=== WHAT YOU SHOULD DO ===
The lines running from the one that contains "Figure 12: Crack in master tub near drain." to the end of the records below are what to reproduce, exactly and without pictures.

BEGIN

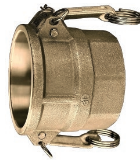
Brass Part D Female Coupler x Female NPT
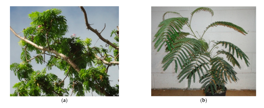
Figure 1. Vegetative organs of Serianthes nelsonii exhibit rapid growth rates. ( a ) One month after complete defoliation during a 15 May 2015 tropical cyclone, the emergent canopy of a mature tree exhibited fully expanded healthy leaves and flowers; ( b ) A five-month-old nursery plant exhibited rapid stem growth and robust leaves due to shade and under-watering in the nursery. The rapid stem growth produced weak stems that were unable to maintain orthotropic orientation, inducing lateral bud growth that reduced plant quality.

A full understanding of leaf traits for tree species that are native to the Mariana Islands includes where they fit in the leaf economics spectrum [29] and the approach for how each species responds to the threats imposed by tropical cyclones [30]. One end of the spectrum is characterized by tree species that produce expensive leaves that maintain mechanical integrity with long lifespan, and these species resist tropical cyclone damage by constructing strong stems that can withstand the wind forces despite extensive wind drag of the canopy. The opposing end of the spectrum is characterized by tree species that produce inexpensive leaves that are dislodged from the stems during a tropical cyclone, and this saves the trees from structural damage because the wind drag is minimized by the absence of leaves. An example of this is S. nelsonii . For S. nelsonii and other species with inexpensive leaves, the re-construction of new leaves following a defoliating tropical cyclone is rapid (Figure 1a).
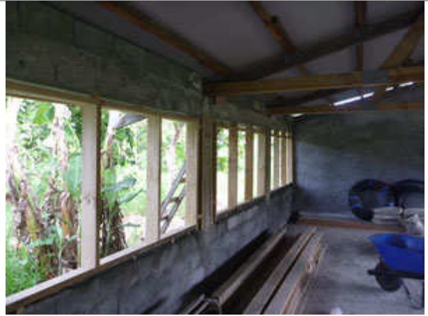
Framing up the windows
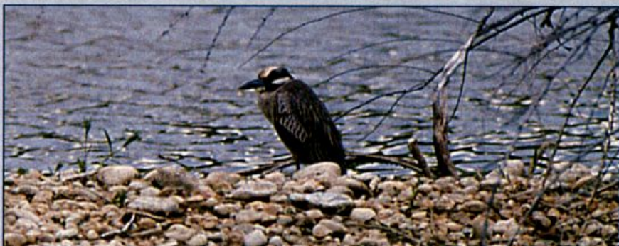
The Yellow-crowned Night-Heron is rare anywhere in the West, so this adult was a nice find at Boulder, Colorado, 22 May 1999.
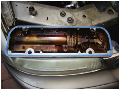
PermaDry® gasket installed dry

PermaDry® gaskets are intended for vehicles which used a molded rubber gasket as original equipment. These gaskets are made using Fel-Pro's proprietary molded rubber formulations and are precision engineered for each application. To guarantee a leak-free repair, PermaDry gaskets must also be installed without the use of additional sealants.
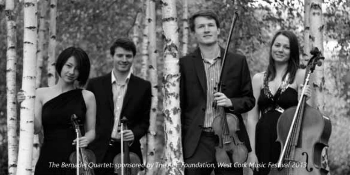
The Bernadel Quartet: sponsored by The ACE Foundation, West Cork Music Festival 2013
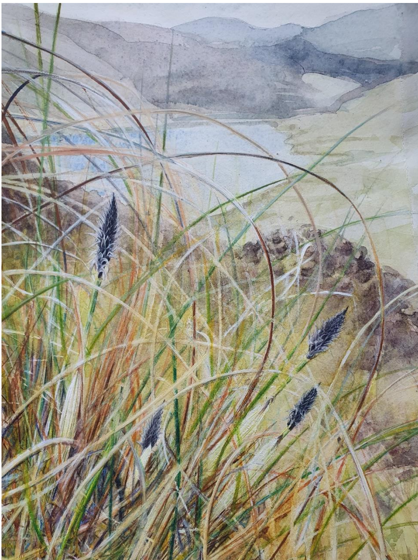
Hare's-tail cottongrass/Plu'r gweunydd unben/Eriophorum vaginatum Llyn Llygad Rheidol, Pumlumon, March 2024. Mixed media on paper, 26x18cm
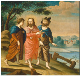
Christ on the Road to Emmaus
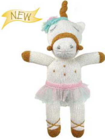
Rainbow Pop the Unicorn UNI 12"
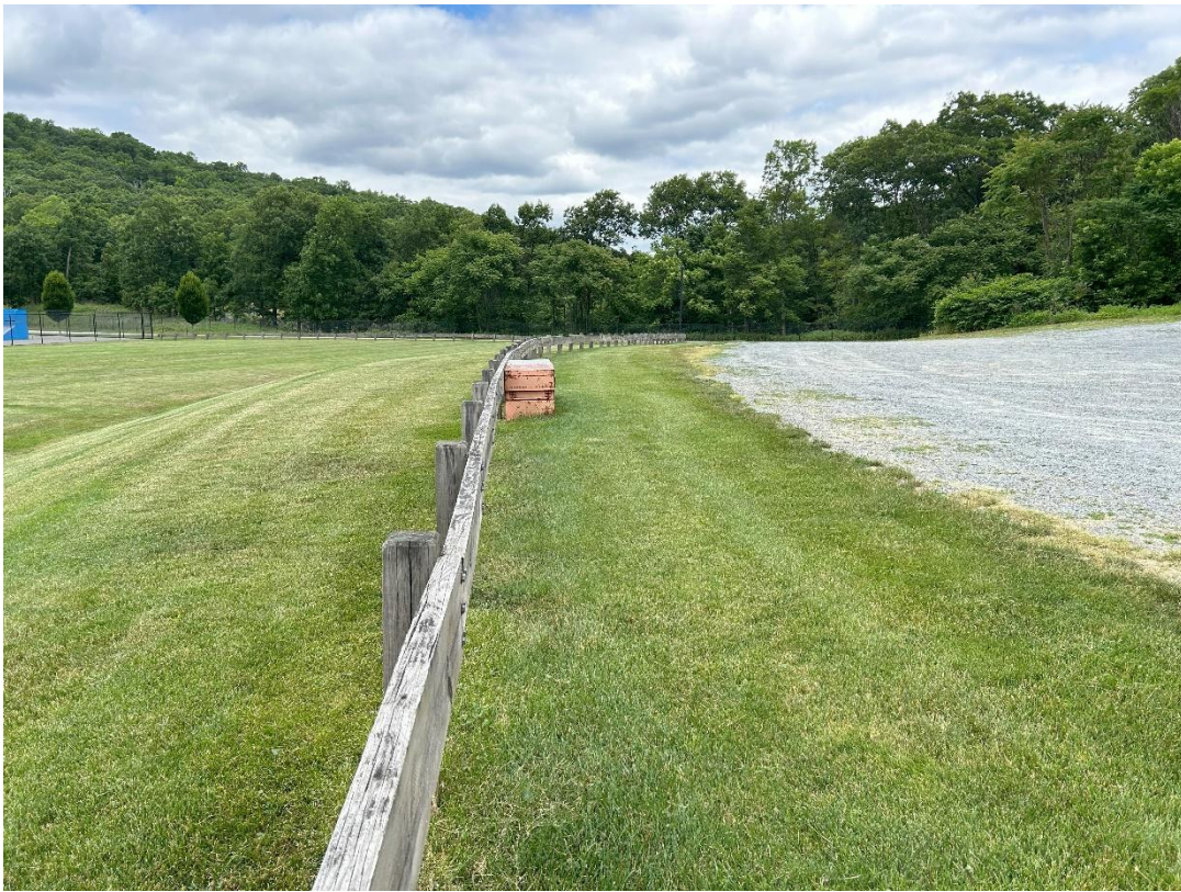
Photo #19 – Looking northeast along edge of existing gravel parking area
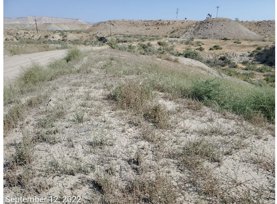
Photo 1: Photo taken from the west end of the Location (east side of the road). Photos provide an overview of the Location from north, northeast, southeast to south. Photos examples showing vegetation on Location is predominantly undesirable and noxious plant species, such as Russian thistle and Halogeton.
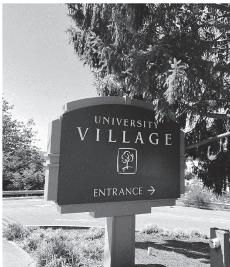
Fig. 3 University Village Entrance
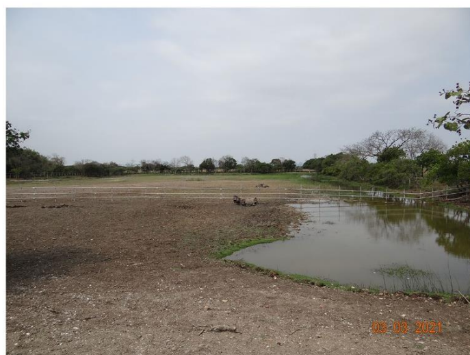
LR2-6: Buffalo Marsh
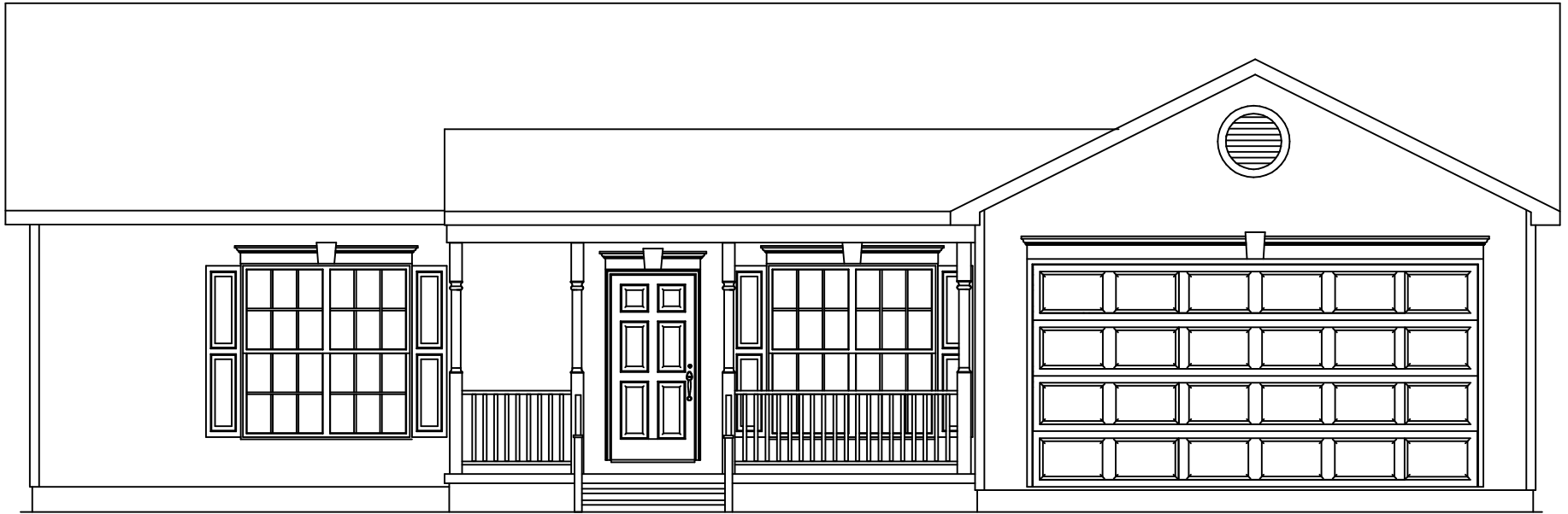
FRONT ELEVATION WITH GARAGE
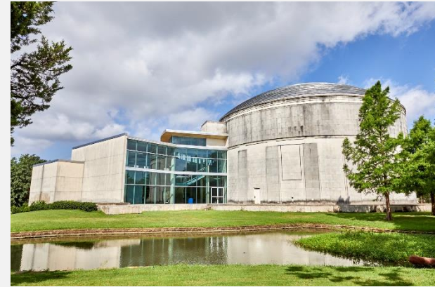
Science Place 1
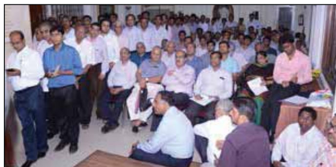
Section of Members
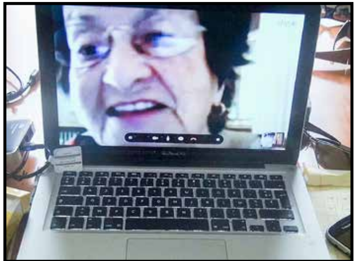
NO HOME MOVIE, March 19
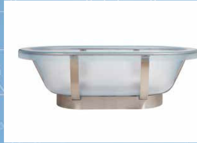
A contemporary design for a custom, premium acrylic and stainless steel tub
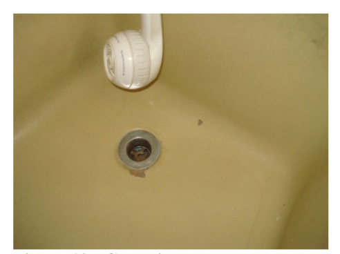
Figure 12: Crack in master tub near drain.
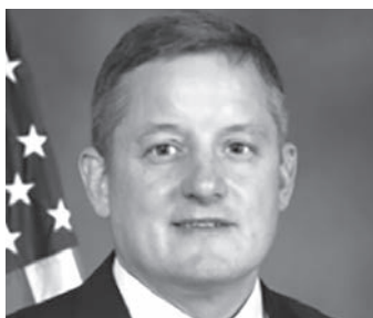
BRUCE WESTERMAN U.S. CONGRESSMAN FOR ARKANSAS’S FOURTH DISTRICT

In his own back-to-school address in 1988, President Ronald Reagan said, “Jefferson and the Founders believed a nation that governs itself, like ours, must rely upon an informed and engaged electorate. Their purpose was not only to teach all Americans how to read and write but to instill the self-evident truths that are the anchors of our political system — truths, to quote Jefferson, such as: ‘all men are created equal, that they are endowed by their Creator with certain
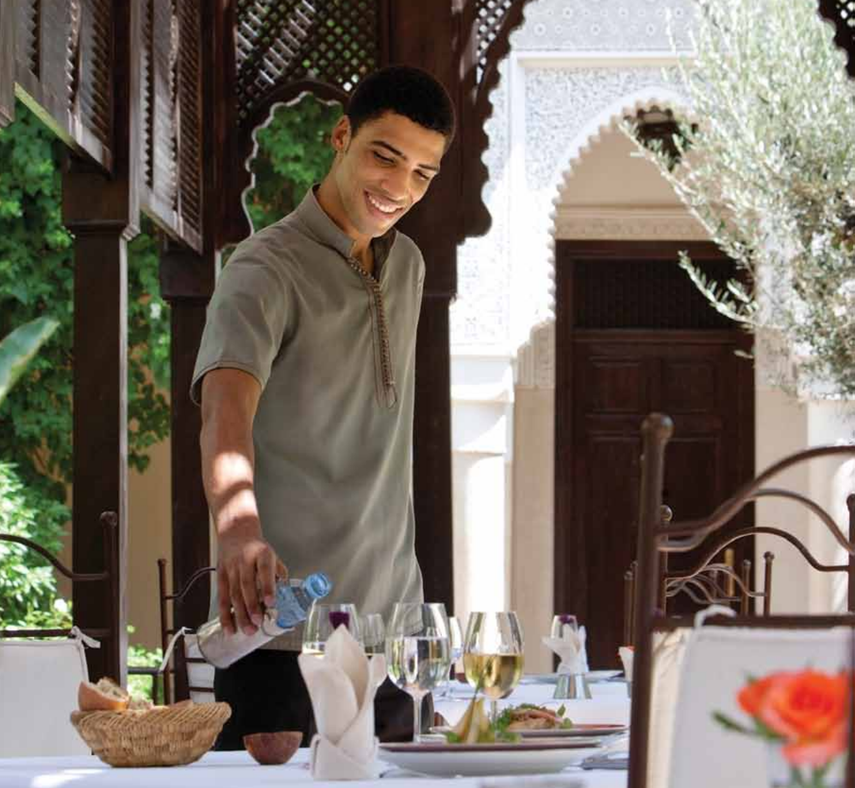
Villa des Orangers (p20)
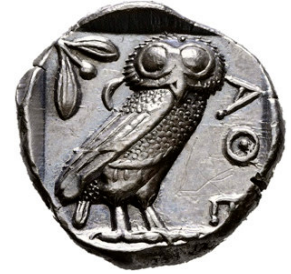
Athens, tetradrachm (440–420 BC) Reverse of the coin: owl Silver, Ø 24 mm, 17.09 g © Hamburger Kunsthalle

The exhibition areas extending across 1,500 square metres on the ground floor of the founding building (opened in 1869) and extension (opened in 1919) have been extensively modernised and equipped with display elements developed specially for SCULPTURAL . The comprehensive research project on the miniature sculptures, along with the modernisation of the premises and forms of presentation, as well as the exhibition itself, have been made possible by funding totalling 4 million euros from the Dorit & Alexander Otto Foundation . The foundation is thus once again acting as a leading sponsor for the Hamburger Kunsthalle. The foundation most recently demonstrated its extraordinary commitment to the museum in 2014–16, when its funding enabled extensive structural modernisation. The Kunsthalle drew here on the expertise of Alexander Otto's company ECE, as it has once again for the design of the new exhibition spaces.
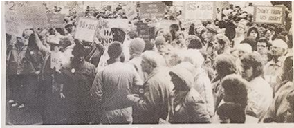
March on Trenton Galvanizes Advocates, Gains Broadbased Media Recognition
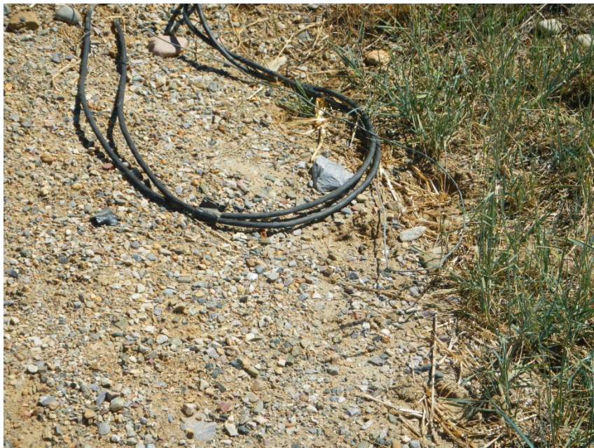
Loose unused insulated wire east side of location

END

=== RESPONSE TO THE TASK ===
Figure 12: Crack in master tub near drain.
BRUCE WESTERMAN U.S. CONGRESSMAN FOR ARKANSAS’S FOURTH DISTRICT

In his own back-to-school address in 1988, President Ronald Reagan said, “Jefferson and the Founders believed a nation that governs itself, like ours, must rely upon an informed and engaged electorate. Their purpose was not only to teach all Americans how to read and write but to instill the self-evident truths that are the anchors of our political system — truths, to quote Jefferson, such as: ‘all men are created equal, that they are endowed by their Creator with certain
Villa des Orangers (p20)
Athens, tetradrachm (440–420 BC) Reverse of the coin: owl Silver, Ø 24 mm, 17.09 g © Hamburger Kunsthalle

The exhibition areas extending across 1,500 square metres on the ground floor of the founding building (opened in 1869) and extension (opened in 1919) have been extensively modernised and equipped with display elements developed specially for SCULPTURAL . The comprehensive research project on the miniature sculptures, along with the modernisation of the premises and forms of presentation, as well as the exhibition itself, have been made possible by funding totalling 4 million euros from the Dorit & Alexander Otto Foundation . The foundation is thus once again acting as a leading sponsor for the Hamburger Kunsthalle. The foundation most recently demonstrated its extraordinary commitment to the museum in 2014–16, when its funding enabled extensive structural modernisation. The Kunsthalle drew here on the expertise of Alexander Otto's company ECE, as it has once again for the design of the new exhibition spaces.
March on Trenton Galvanizes Advocates, Gains Broadbased Media Recognition
Loose unused insulated wire east side of location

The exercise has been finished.